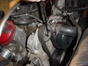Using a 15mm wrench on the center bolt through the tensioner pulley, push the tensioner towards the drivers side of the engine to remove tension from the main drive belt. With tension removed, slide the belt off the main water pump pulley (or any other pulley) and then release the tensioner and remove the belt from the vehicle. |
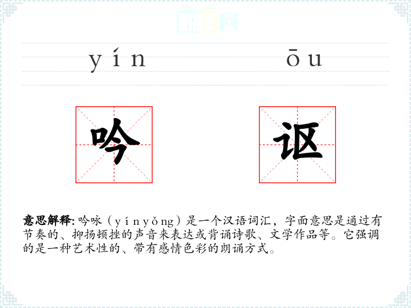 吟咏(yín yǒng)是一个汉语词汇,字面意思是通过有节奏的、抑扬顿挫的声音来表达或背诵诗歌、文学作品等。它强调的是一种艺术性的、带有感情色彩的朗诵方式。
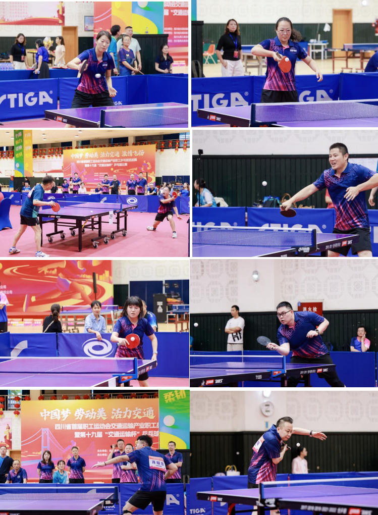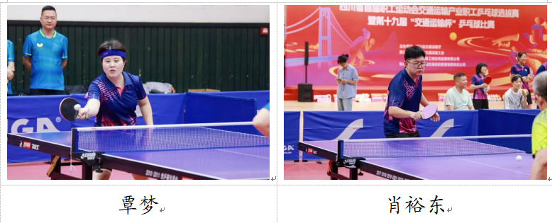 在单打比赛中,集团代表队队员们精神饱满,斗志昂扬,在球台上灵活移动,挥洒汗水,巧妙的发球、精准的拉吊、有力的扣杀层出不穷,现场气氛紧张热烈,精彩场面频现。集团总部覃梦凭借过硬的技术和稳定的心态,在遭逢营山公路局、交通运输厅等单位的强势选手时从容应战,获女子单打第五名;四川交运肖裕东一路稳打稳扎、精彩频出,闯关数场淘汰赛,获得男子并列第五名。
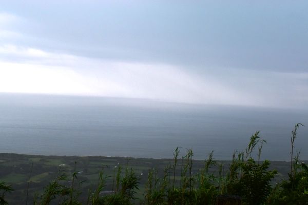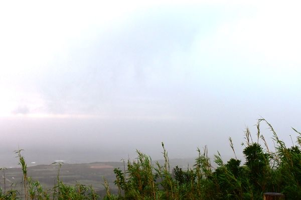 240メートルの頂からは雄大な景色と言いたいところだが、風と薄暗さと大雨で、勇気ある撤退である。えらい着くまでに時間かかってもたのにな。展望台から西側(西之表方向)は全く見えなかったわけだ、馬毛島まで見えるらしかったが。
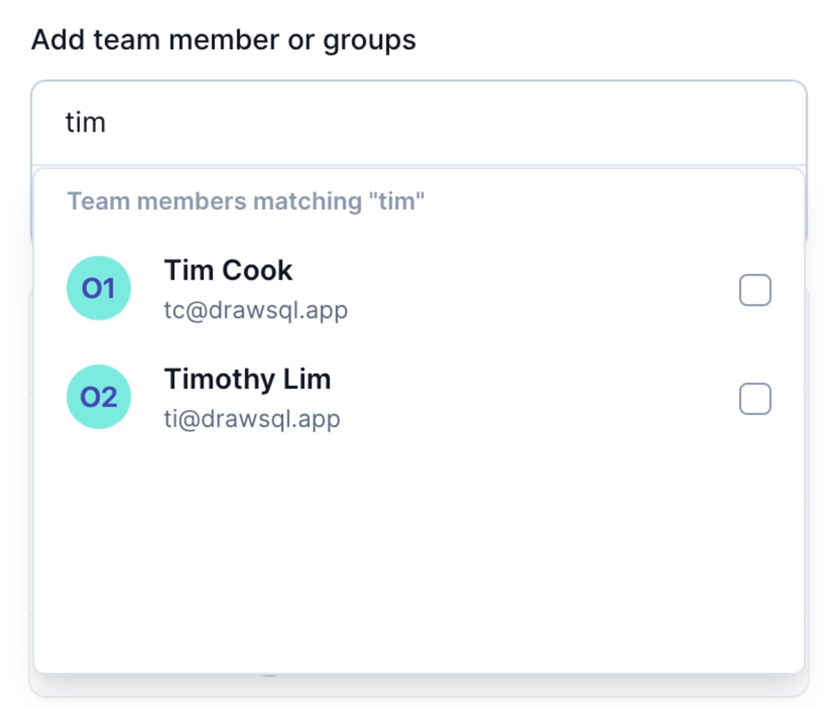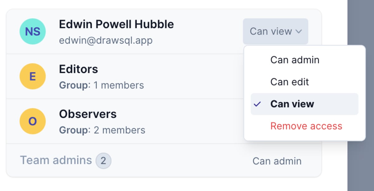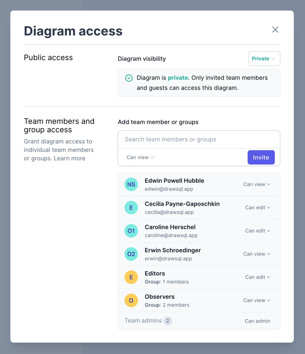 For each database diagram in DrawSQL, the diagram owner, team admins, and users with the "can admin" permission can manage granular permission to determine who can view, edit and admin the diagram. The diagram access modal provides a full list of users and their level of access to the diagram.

= = = = = = =

Without any pictures, reproduce the lines from the first one in the material through the line that has "吟咏(yín yǒng)是一", exactly as they appear.

Using a 15mm wrench on the center bolt through the tensioner pulley, push the tensioner towards the drivers side of the engine to remove tension from the main drive belt. With tension removed, slide the belt off the main water pump pulley (or any other pulley) and then release the tensioner and remove the belt from the vehicle. |
 吟咏(yín yǒng)是一个汉语词汇,字面意思是通过有节奏的、抑扬顿挫的声音来表达或背诵诗歌、文学作品等。它强调的是一种艺术性的、带有感情色彩的朗诵方式。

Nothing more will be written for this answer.